PayPal Fined $2M Over Cybersecurity Breach Exposing Customer Data

PayPal has been fined $2 million by New York’s Department of Financial Services (DFS) for cybersecurity lapses that resulted in the exposure of customers’ Social Security numbers in late 2022, as first reported by Reuters.

The breach, which lasted approximately seven weeks, left sensitive data including names, birth dates, and Social Security numbers vulnerable to cybercriminals, DFS announced Thursday.

Adrienne Harris, New York’s financial services superintendent, revealed that PayPal lacked qualified personnel to oversee critical cybersecurity operations and failed to provide adequate training to mitigate risks. These shortcomings made it easier for attackers to exploit the system, noted Reuters.

The issue came to light on December 6, 2022, when a security analyst discovered an online message referencing a vulnerability, labeled “PP EXPLOIT TO GET SSN.” The following day, PayPal’s cybersecurity team detected a surge in unauthorized access attempts on its platform, said Reuters.

Investigations revealed that attackers were employing “credential stuffing” techniques to view federal tax forms belonging to tens of thousands of customers, said Reuters.

The breach occurred after PayPal altered data flow configurations to expand access to these forms, inadvertently exposing sensitive information.
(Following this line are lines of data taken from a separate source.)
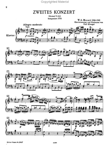 Mozart, W.A.: Violin Concerto No. 2 K. 211 (violin & piano)
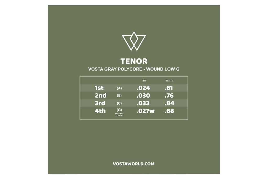 Therefore, the inclusion of a wound low G supports players who prefer a defined low end within a tenor ukulele setup. Compared to mixed or unspecified sets, the clearly listed gauges help ensure compatibility and informed purchasing decisions. Finally, the Vosta Grey Polycore Tenor Strings offer a straightforward, well-documented option for players who value material transparency and exact specifications.
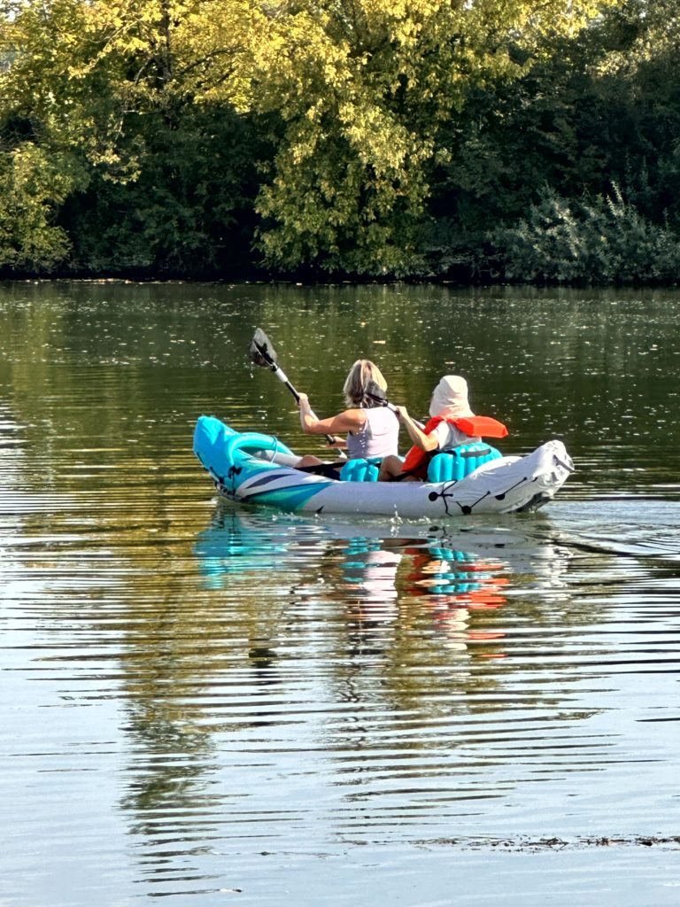 Nutze unser Kanu im ruhigen Kanal zwischen zwei Schleusen – perfekt für eine kleine Abwechslung vom Steuerstand.
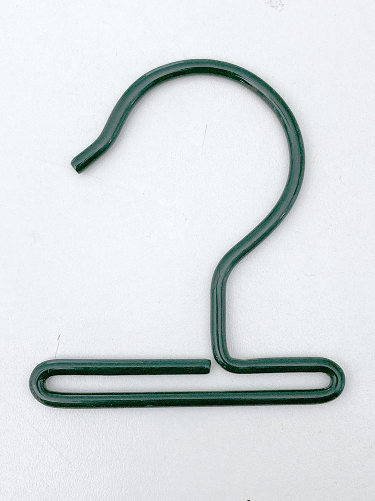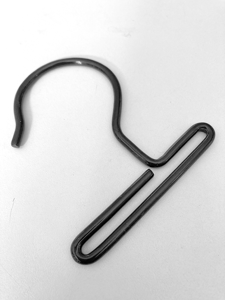 Aus glänzend beschichtetem, 3mm starkem Draht. Dieser Haken eignet sich gut als Aufhänger für Kulturbeutel oder Utensilos. Die untere Schlaufe ist innen etwa 5,5cm breit, der ganze Haken ist ca. 7,2cm hoch. Durch die kleine Öffnung lässt er sich auch nach dem Nähen noch anbringen und zum Waschen auch wieder abnehmen.
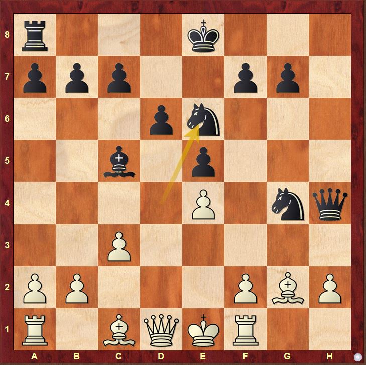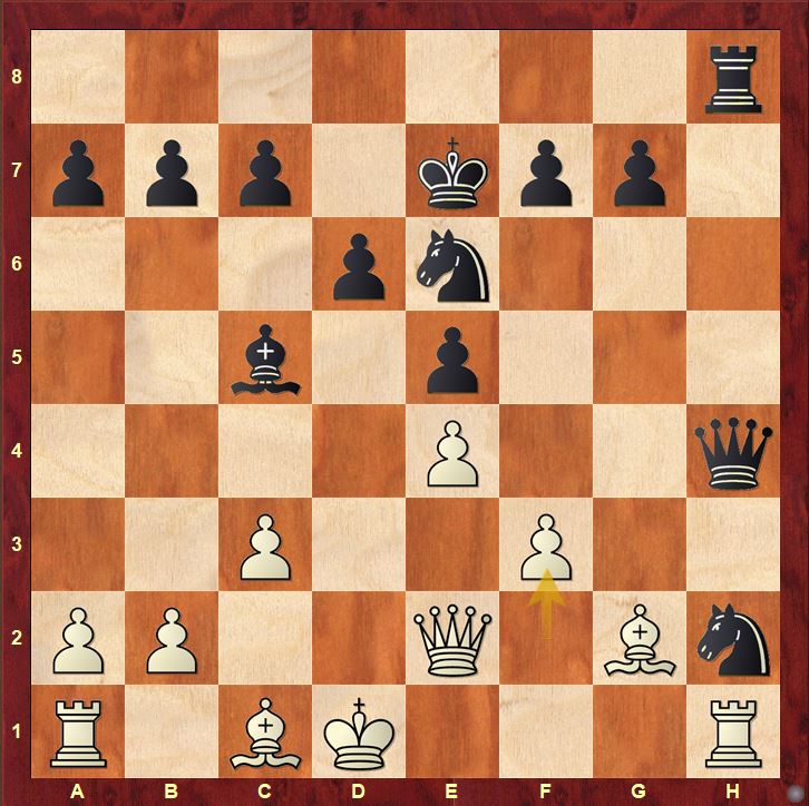 14.Qe2 Nxh2 15.Rh1 Ke7 16.Kd1 Rh8 17.f3

Harris also criticized PayPal for failing to implement basic security measures such as multifactor authentication and CAPTCHA to deter unauthorized access, as reported by Reuters.

In a statement, Reuters reports that PayPal acknowledged the investigation and reaffirmed its commitment to safeguarding user information. “Protecting consumers’ personal information and maintaining a secure platform is a top priority,” the company said.

Since the breach, PayPal has implemented multifactor authentication for all U.S. customer accounts, mandated password resets for affected users, and added CAPTCHA to enhance security, noted Reuters.

The $2 million fine is tied to violations of New York’s cybersecurity regulation, which was established in 2017 to enhance protections for financial services, reports Reuters.